═════ DATA SHOWN ═════

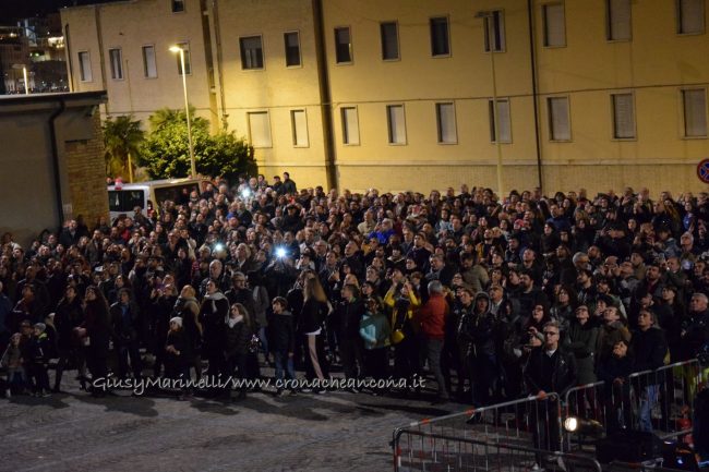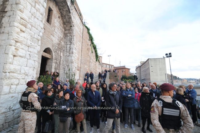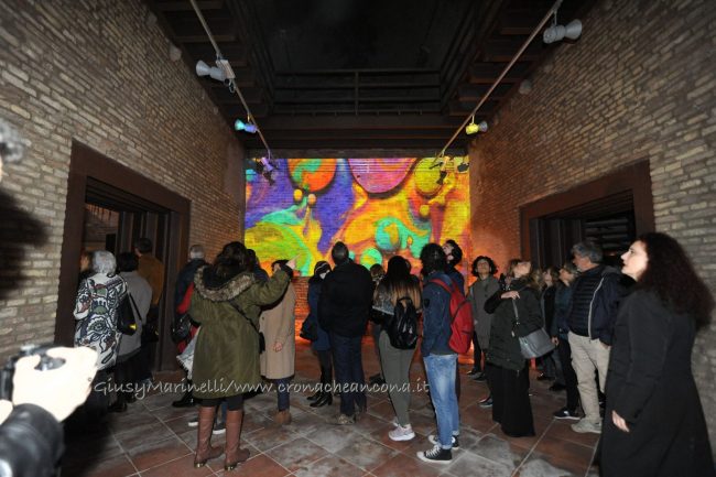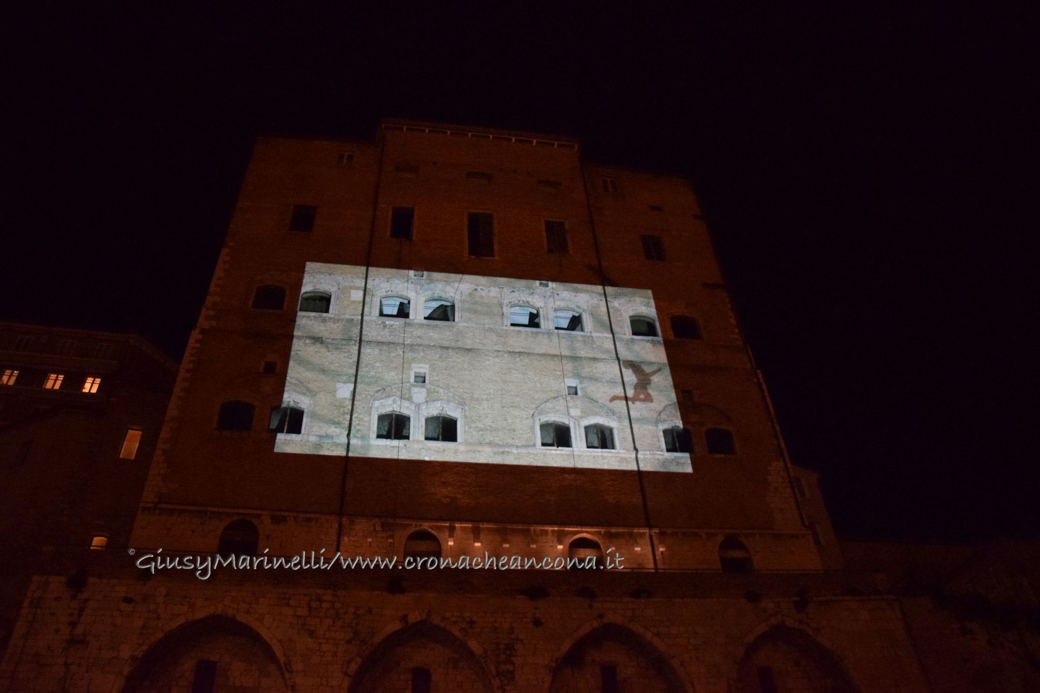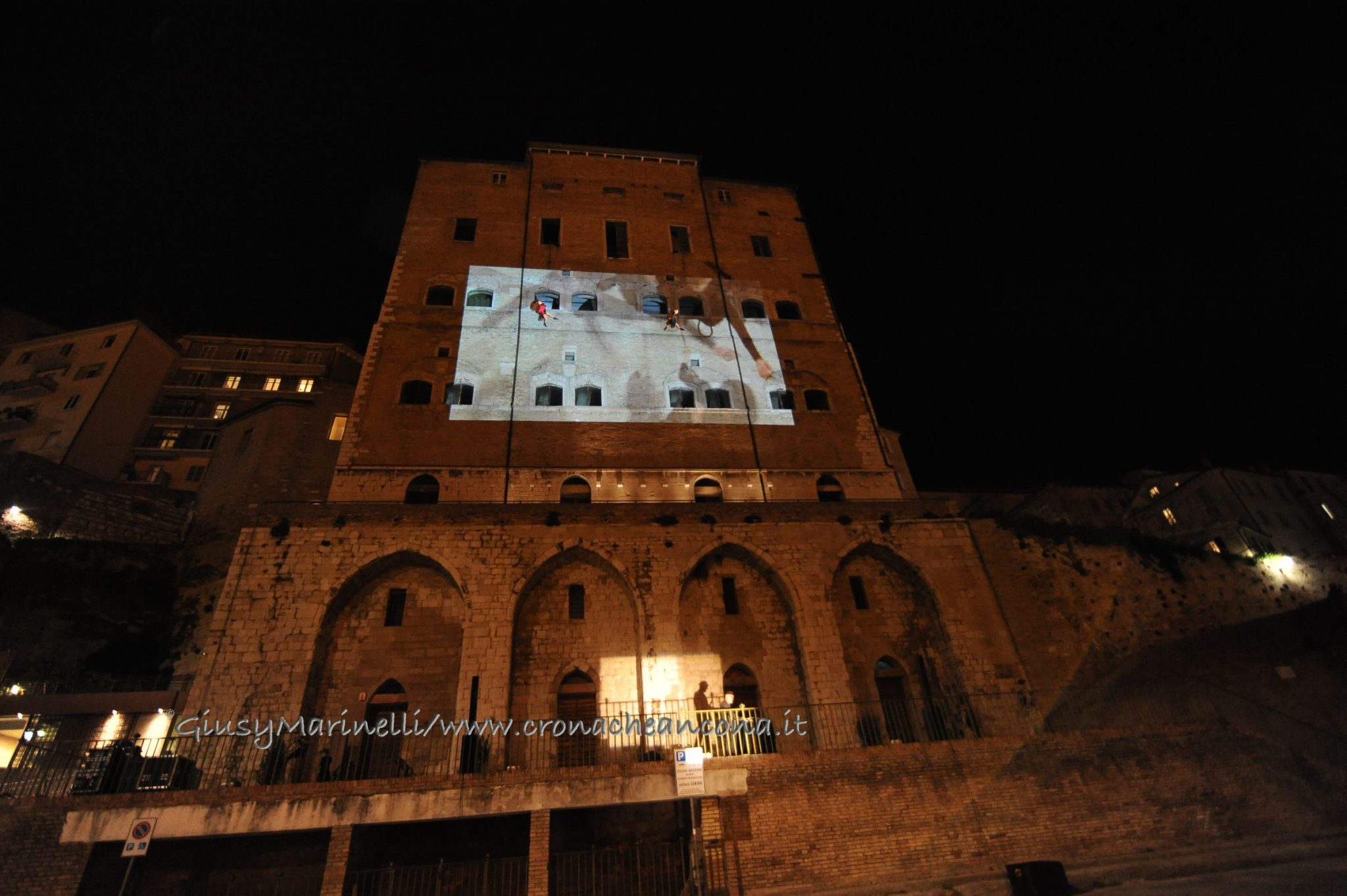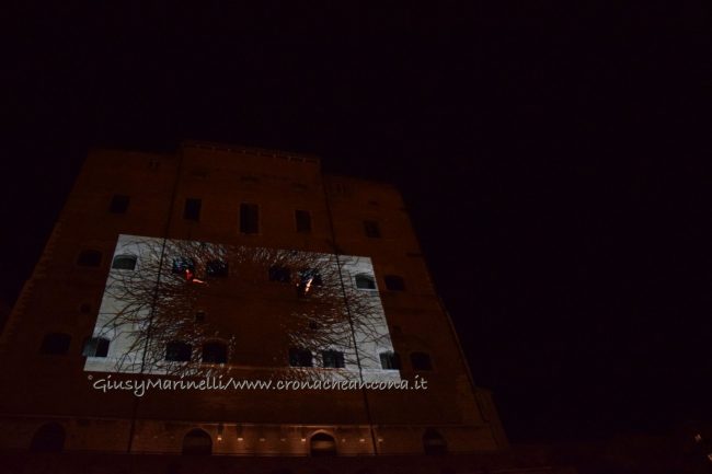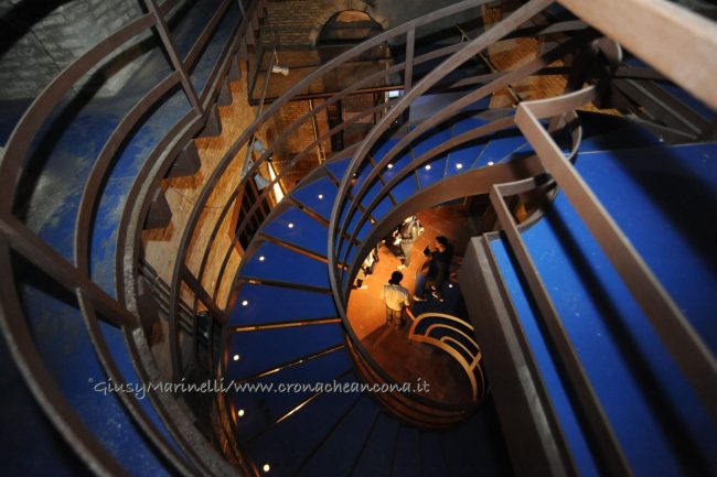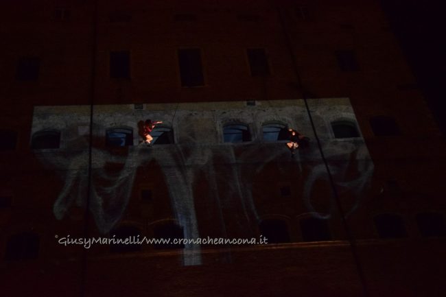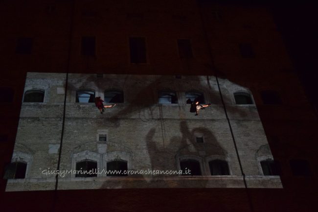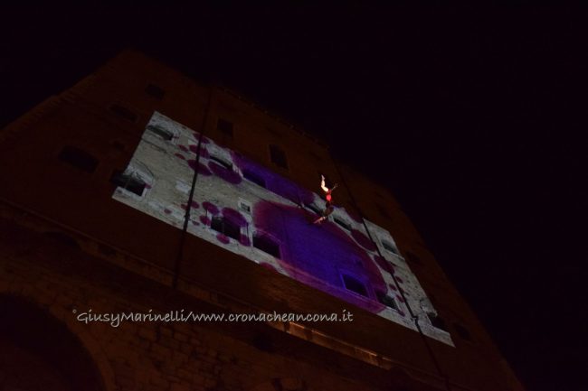 Una porta fronte mare che si spalanca sul porto e conduce al cuore della città. Inizia il nuovo corso di Palazzo degli Anziani – biglietto da visita di Ancona per i croceristi e non solo – dove oggi (7 aprile) sono state inaugurate le sale restaurate del basamento (ex magazzini), con tanto di suggestivo spettacolo di danza verticale lungo la parete del grattacielo medievale della città. Una performance con musica dal vivo e colorate proiezioni, curata della Compagnia Il Posto con direzione artistica del festival Cinematica (di cui l’evento è stato uno dei momenti clou), che ha ricevuto gli applausi della piccola folla riunitasi per vedere il primo passo del new deal per quest’area della città. Baciata dai raggi rosa del sole al tramonto riflessi sulle acque del golfo, la riapertura di quelle stanze, chiuse da tempo, è stata un’anteprima di ciò che sarà l’Urban Center, sede dello sportello turistico IAT Ancona 3.0 con percorsi multimediali hi-tech e vetrina delle bellezze e dei prodotti made in Marche, e base operativa del progetto Heritage Science, AnconArcheologica. «Il recupero di Palazzo degli Anziani – sottolinea la sindaca Valeria Mancinelli, affacciata alla terrazza che dà su piazza Dante – segna di fatto l’inizio della parte realizzativa del progetto ITI Waterfront e ne costituisce il baricentro, quale cerniera tra la città storica e il mare». A questo, si aggiungerà a breve il secondo tassello del progetto, quello dell’illuminazione dal porto su fino a via Pizzecolli, per il quale è stato già aggiudicato il concorso. Previsto anche il recupero dell’area degli ex uffici del Nautico, dove verrà realizzata una piazza, punto di sosta in direzione porto, e arriveranno anche i bus elettrici per unire il golfo alla città. «Entro il 2020, il progetto waterfront sarà concluso e darà un nuovo volto a questa parte fondamentale della città», parola della prima cittadina.
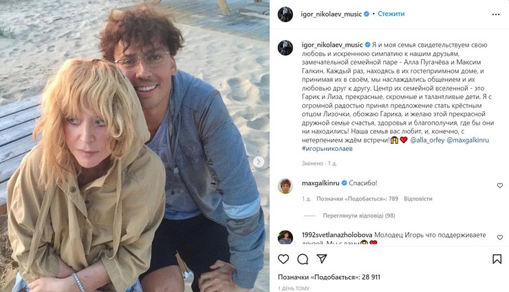 "Я и моя семья свидетельствуем свою любовь и искреннюю симпатию к нашим друзьям, замечательной семейной паре — Алла Пугачева и Максим Галкин. Каждый раз, находясь в их гостеприимном доме, и принимая их в своем, мы наслаждались общением и их любовью друг к другу. Центр их семейной вселенной — это Гарик и Лиза, прекрасные, скромные и талантливые дети. Я с огромной радостью принял предложение стать крестным отцом Лизочки, обожаю Гарика, и желаю этой прекрасной дружной семье счастья, здоровья и благополучия, где бы они ни находились! Наша семья вас любит, и, конечно, с нетерпением ждем встречи!", – написал он в соцсети. На публикацию отреагировал Галкин, поблагодарив артиста.
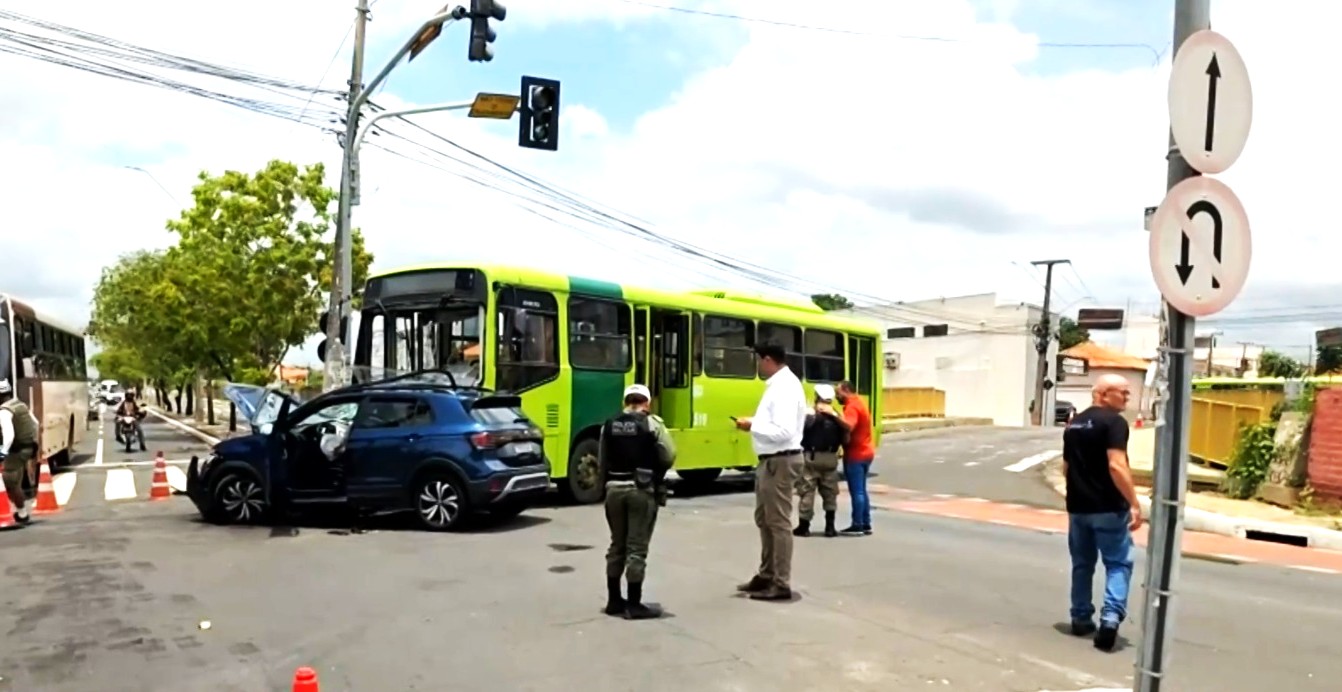 Três pessoas ficam feridas em acidente entre ônibus e carro em Teresina; assista vídeo
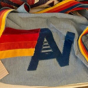 Stylish travel duffel by Aviator Nation. Long sold out/limited item. Duck canvas with blue pinstripe with corduroy detail in classic AV color stripes.
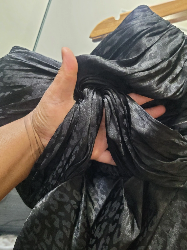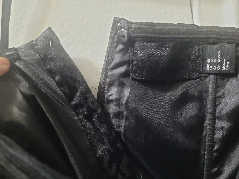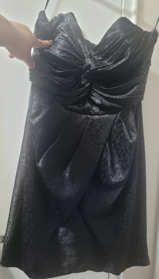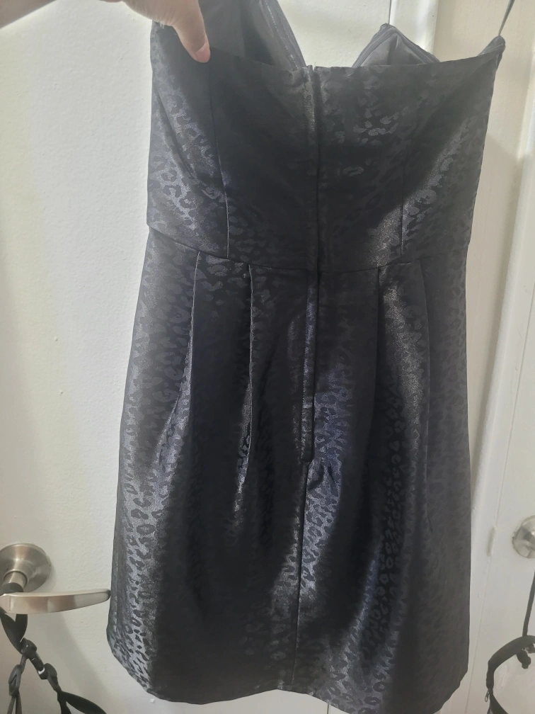Strapless black dress with a leopard print pattern. The dress is fitted in the bodice and flows out at the bottom. The fabric is a silky satin. Zipper closure at the back.
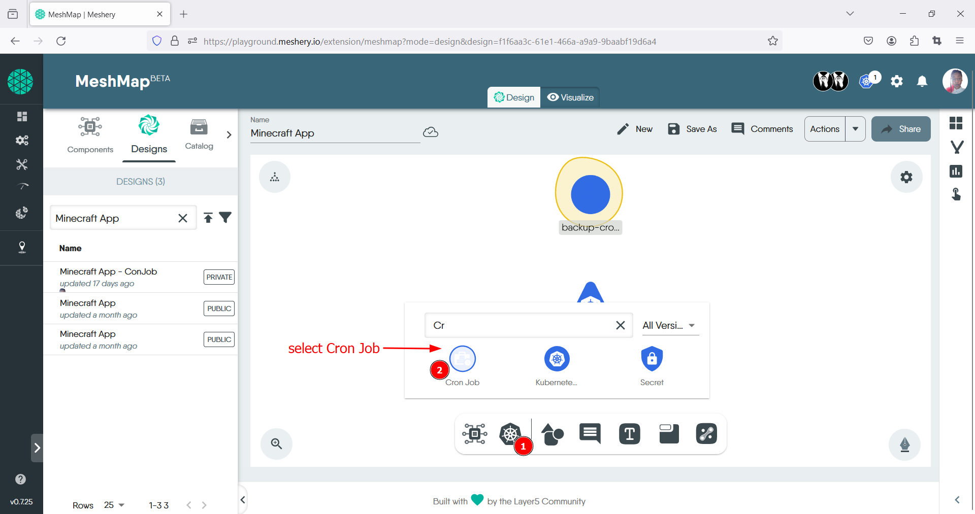 Select the CronJob Design: Choose the design that contains the CronJob you want to scale from the list of existing designs.
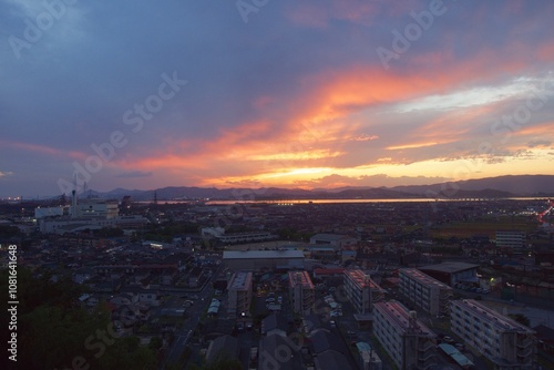Obraz premium 亀島山から見える夕暮れ 玉島方面
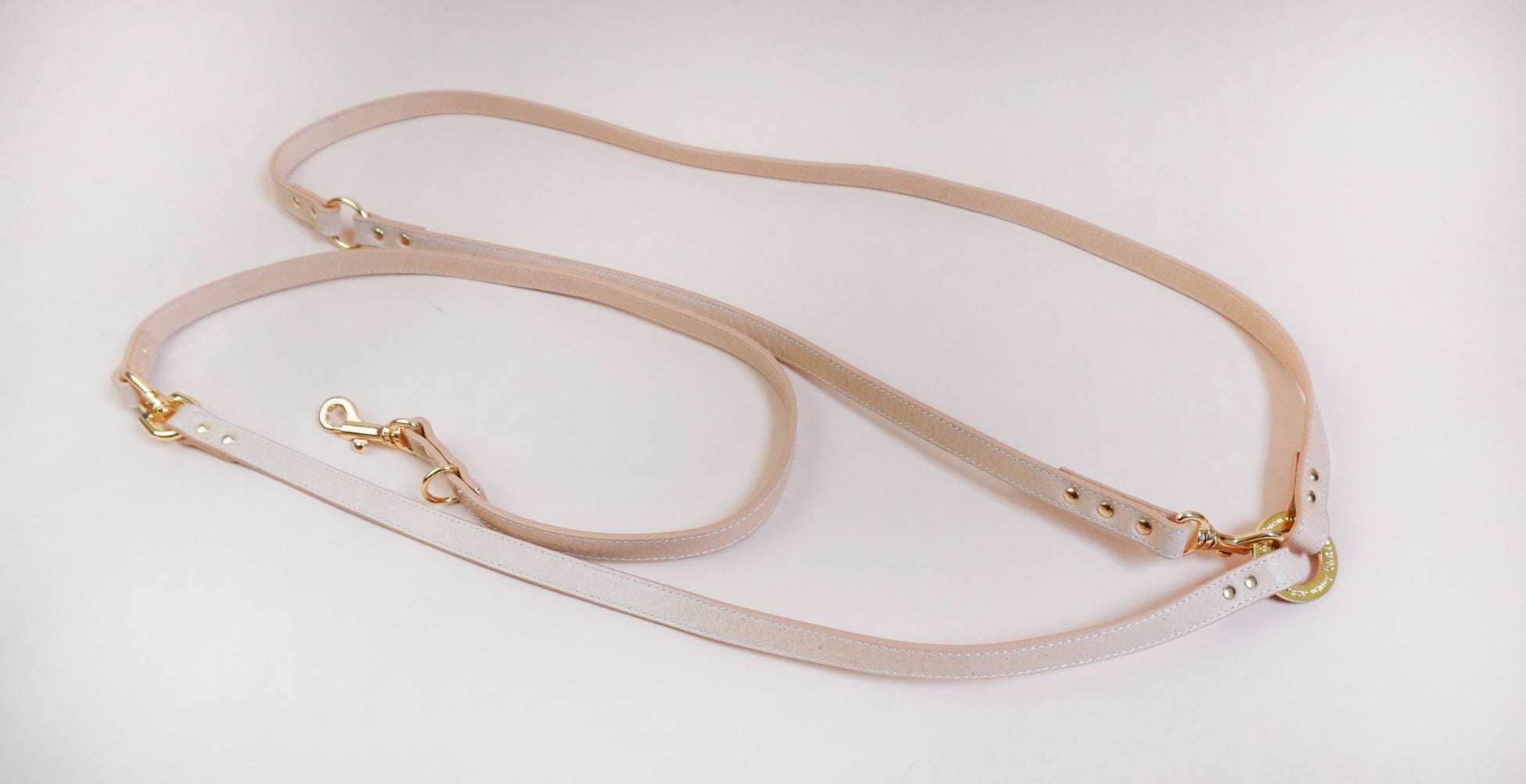 留め具部分の良質な真鍮(金属)やフープ状のブランド名が刻印されている金具など、細部のディティールは美しく高貴な印象を与えてくれます。Dカンやリング部分に引っかけることで、4つの異なる長さに調整でき、場面に応じてお好みの長さでお使いいただくことができます。
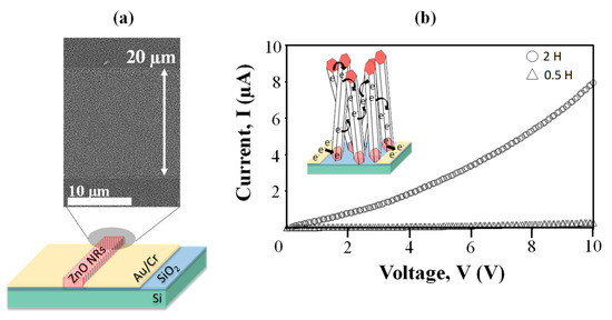 For electrical conductivity studies, the ZnO NRs were deposited on a fabricated channel with a distance of 20 µm, as showed in Figure 6a. The bending curve indicated a semiconducting behavior of the ZnO NRs, as can be seen from Figure 6b. As the voltage was swept from 0 to 10 V, 2 h sample shows higher current flow compared to 0.5 h sample. Higher density of ZnO NRs produced more interconnection between the nanorods, hence, induced more electron pathway, as illustrated in inset Figure 6b. The resistivity of the ZnO NRs can be calculated using this formula (7) [40], resistivity;

═════

## [WHAT IS NEEDED]
Write out, with no pictures, only the lines from the line containing "Галкин, поблагодарив артиста." through the last line of the listing above, exactly and with both ends included.

## [OUTPUT FOR THIS EXERCISE]
 "Я и моя семья свидетельствуем свою любовь и искреннюю симпатию к нашим друзьям, замечательной семейной паре — Алла Пугачева и Максим Галкин. Каждый раз, находясь в их гостеприимном доме, и принимая их в своем, мы наслаждались общением и их любовью друг к другу. Центр их семейной вселенной — это Гарик и Лиза, прекрасные, скромные и талантливые дети. Я с огромной радостью принял предложение стать крестным отцом Лизочки, обожаю Гарика, и желаю этой прекрасной дружной семье счастья, здоровья и благополучия, где бы они ни находились! Наша семья вас любит, и, конечно, с нетерпением ждем встречи!", – написал он в соцсети. На публикацию отреагировал Галкин, поблагодарив артиста.
 Três pessoas ficam feridas em acidente entre ônibus e carro em Teresina; assista vídeo
 Stylish travel duffel by Aviator Nation. Long sold out/limited item. Duck canvas with blue pinstripe with corduroy detail in classic AV color stripes.
Strapless black dress with a leopard print pattern. The dress is fitted in the bodice and flows out at the bottom. The fabric is a silky satin. Zipper closure at the back.
 Select the CronJob Design: Choose the design that contains the CronJob you want to scale from the list of existing designs.
Obraz premium 亀島山から見える夕暮れ 玉島方面
 留め具部分の良質な真鍮(金属)やフープ状のブランド名が刻印されている金具など、細部のディティールは美しく高貴な印象を与えてくれます。Dカンやリング部分に引っかけることで、4つの異なる長さに調整でき、場面に応じてお好みの長さでお使いいただくことができます。
 For electrical conductivity studies, the ZnO NRs were deposited on a fabricated channel with a distance of 20 µm, as showed in Figure 6a. The bending curve indicated a semiconducting behavior of the ZnO NRs, as can be seen from Figure 6b. As the voltage was swept from 0 to 10 V, 2 h sample shows higher current flow compared to 0.5 h sample. Higher density of ZnO NRs produced more interconnection between the nanorods, hence, induced more electron pathway, as illustrated in inset Figure 6b. The resistivity of the ZnO NRs can be calculated using this formula (7) [40], resistivity;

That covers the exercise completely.